While David is initially apprehensive about moving his family to the Foxcatcher Farm, when Mark and John’s relationship sours, John gets Mark to come just before the World Championships. And that’s where the film reaches a tipping point. For over an hour of film, John created a reason for Mark to hate David. John had spent that time trying to create a weakness to put in his bag of tricks.
Miller has split the film into three distinct acts - Mark joining John, David arriving and then the aftermath of the 1988 Seoul Olympics - but the film really feels like one long setup to the shocking moment. Well, it’s shocking if you don’t know how the true story ended.
Unlike Moneyball, which moves like a speed train through a baseball season, or Capote’s methodical criminal investigation, Foxcatcher moves almost frustratingly slow. Miller doesn’t really make you feel like John is a ticking time bomb. Sure, he’s an oddball character, but he doesn’t really seem like the guy who would be pushed to murder. This does make the murder - which again, you know is coming if you know the story - feel like a bullet to not only his victim, but to us. The crowd in the theater gasped at the moment. Wisely, Miller does not keep the film running long after it, since he’s already past the two-hour mark.

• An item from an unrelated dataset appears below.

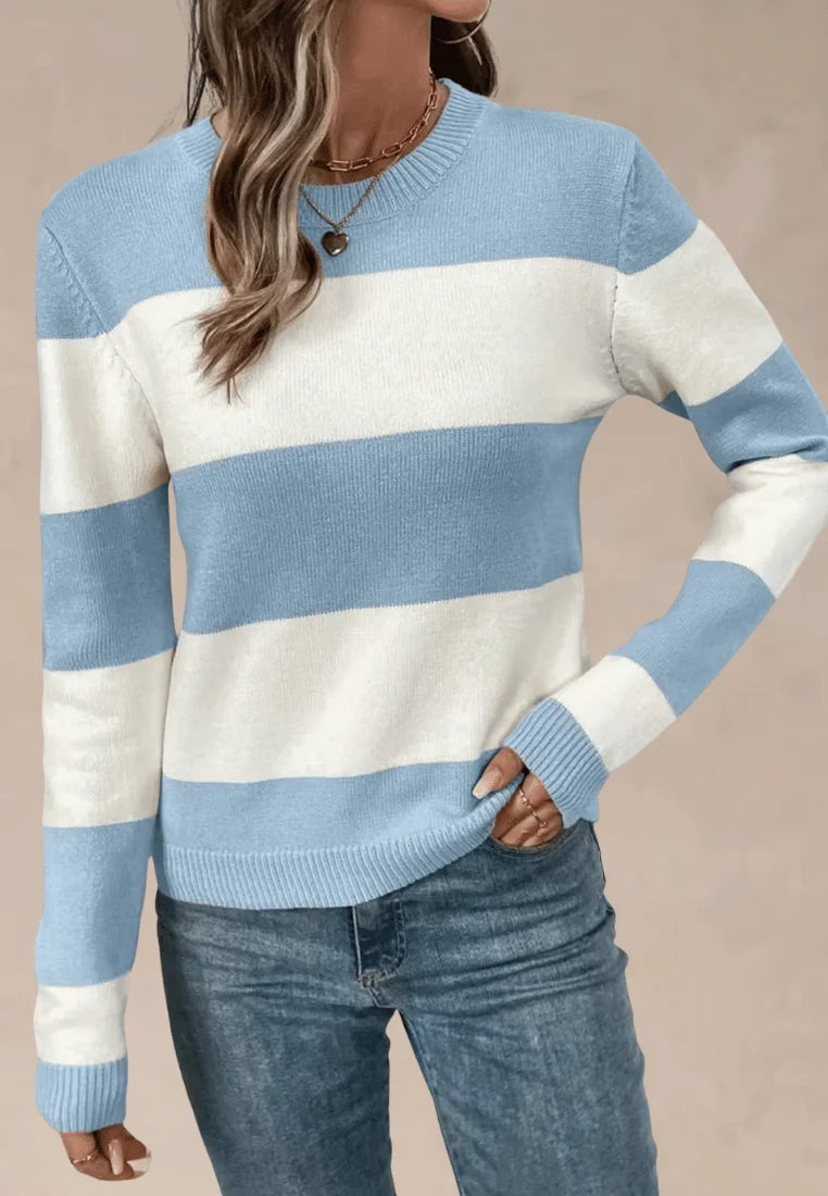 Błękitno-biały sweter damski w poziome pasy

Pacing might be an issue for Foxcatcher, but acting isn’t. Miller has made it obvious that he can get brilliant and moving performances from his stars (seriously, this is the guy that proved that Jonah Hill of all people could act) and his third film is no different. Channing Tatum, the one member of the lead trio that doesn’t need a lot of extra makeup, impresses as Mark, particularly in his soul-baring hotel-destruction scene.
Of course, Steve Carell has gotten plenty of praise for completely transforming himself from loveable 40-Year-Old Virgin to a psychopath with mommy issues. The remarkable part of the performance is that it still has a dose of humor in there. And E. Max Frye and Dan Futterman’s script doesn’t give him a ridiculous outburst scene, which is usually mandatory for playing crazy people with hopes of an Oscar. Carell still impresses with his silent, quiet moments. It’s a very reactive performance, one that makes actually following the character on the screen essential. You can’t look away or you might miss an important facial tick.

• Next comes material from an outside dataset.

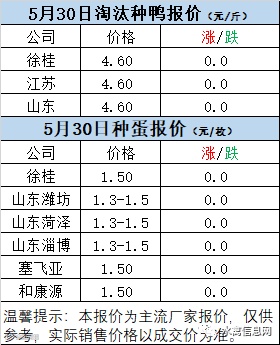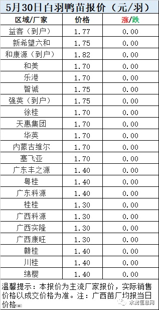 一、5月29日晚至5月30日 白羽肉鸭报价

As with other slow movies, Foxcatcher is essentially a quiet film, with few music cues from composer Rob Simonsen. It’s also immaculately designed. The dreary look from Capote is back, and even taken to an extreme here. Clearly, if you aren't into slow-burning movies that aren't filled with loud scenes of spectacles, Foxcatcher isn't your kind of movie.

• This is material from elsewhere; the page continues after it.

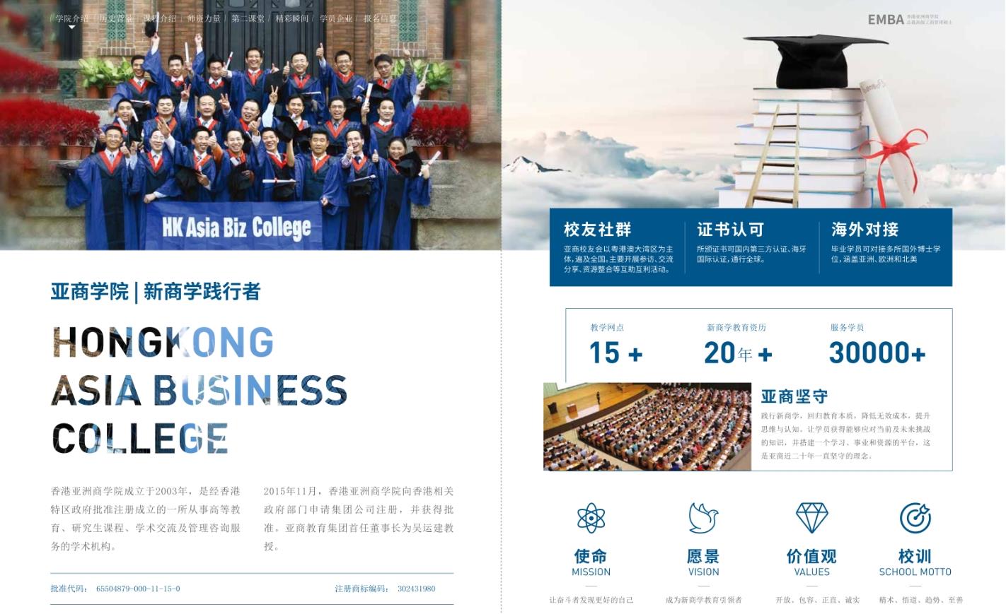 机构简介:香港亚洲商学院(简称亚商)成立于2003年,是经香港特区政府批准注册成立的一所从事高等教育、研究生课程、远端教育、学术交流及管理咨询服务的学术机构。主要科目项目是MBA、EMBA 课程教育、EDP课程、海外合作高校博士项目对接、创业孵化器、青少年素质教育及海内外游学考察等。2005年初进入内地市场,迄今在内地已经运营超过十九年时间。在读及毕业企业家及职业经理人MBA\EMBA学员约一万五千名,共计服务超过两万名学员。亚商使命:让奋斗者发现更好的自己亚商愿景:成为新商学领域的引领者发展目标:打造中国商界精英黄埔军校亚商定位:提供专业MBA、EMBA 课程及交流服务教育理念:精术、悟道、趋势、至善价值观:开放、正直、诚实、有教无类核心四大优势:管理团队 :亚商团队有超过22年MBAIEMBA教学管理资历; 教学网点:在国内有 超过16个教学网点, 覆盖主要经济圈;导师团队:亚商MBA导师团队在国内商学教育领域是卓越的 ;课程迭代:快速迭代课程,并建立线上线下一体化课程体系;解决方案:亚商为学员提供多元化的证书解决方案。经过二十年的积累和沉淀,亚商学院已经培养出了大批优秀的毕业生。他们不仅在各自的领域取得了卓越的成就,更成为了推动社会进步的重要力量。亚商学院的毕业证书及分数单得到了多个国际官方认证机构及海外高校的认可,为学员的职业发展提供了有力的支持。展望未来,亚商学院将继续秉承“以学员为中心”的教育理念,不断探索和创新。学院将紧密关注商业发展的新趋势和新需求,为学员提供更加实用、前沿的商学课程。同时,学院还将加强与国内外知名企业和高校的合作,为学员提供更加广阔的发展空间和机会。如果你渴望在数字经济时代成为一名卓越的商业领袖,那么亚商学院将是你的不二之选。在这里,你将与优秀的教授学者、志同道合的学员和校友共同成长,共同探索商业的无限可能。加入亚商学院的大家庭吧,让我们一起开启新商学之旅,书写更加辉煌的未来!课程设置:《企业战略管理》《财务报表分析》《管理经济学》《战略营销管理》《人力资源管理》《目标与绩效管理》《商业模式管理》《卓越领导力》《组织行为学》《宏观经济与趋势分析》《新媒体时代品牌塑造与营销创新》《创新管理》《人工智能与大数据》《公司治理与股权》《沟通与谈判》《管理心理学》《企业法律与税务》《创业管理》《博弈论》 《产品与产品管理》《宏观经济分析》《管理哲学》《金融学》《新媒体行销》《数字化升级》《资本管理》《压力与情绪管理》《流程管理与优化》《股权与合伙人》《演讲与表达》《九型人格应用》《客户关系管理》《阿米巴经营与京瓷哲学》《斯坦福职场课》《流程管理与优化》《管理沟通》剧本杀 《国学管理智慧》注:每个校区会根据当地市场环境微调,课程时时更新升级迭代。招生对象:总经理、创业者、合伙人、高管、专业人士等企业中高层管理者。报名条件:从事管理职位;具有五年及以上工作经验;具有大专及以上学历。学习时间:学分制,在职学习18个月左右。每个月利用周末上课2-3天;第二课堂另计。 学习证书:学员修完全部课程并考核合格,由香港亚洲商学院颁发工商管理硕士毕业证书。学费标准:MBA面授班:41800元(RMB)。含面授学费、教材讲义、学籍管理、茶点、书包、校服、学生证、校徽及证书等;MBA线上班:25600元(RMB)。含学费、教材、学生证、校徽、校服、书包、学籍管理及证书等。EMBA面授班:51800元(RMB)。含面授学费、教材讲义、学籍管理、茶点、书包、校服、学生证、校徽及证书等;EMBA线上班:29600元(RMB)。含学费、教材、学生证、校徽、校服、书包、学籍管理及证书等。注:每年学费会有所上调,详情请咨询招生老师。报名流程:提交报名表及个人资料→ 入学资格审核→ 发放录取通知书→交纳学费→注册学藉、开始正式学习报名材料:入学申请表、身份证正反面复印件或护照或港澳台身份证、最高学历证明 、2寸彩照片、学费

Foxcatcher makes one feel as if Miller had decided Moneyball was too bright a film for his taste. But the fact is that Moneyball and Foxcatcher obviously come from the same filmmaker. Both films are about obsessed sports figures who don’t come through in the end, but the stakes are much higher here. While Billy Beane continues to be the GM for the A’s, John du Pont died in jail and a man was murdered.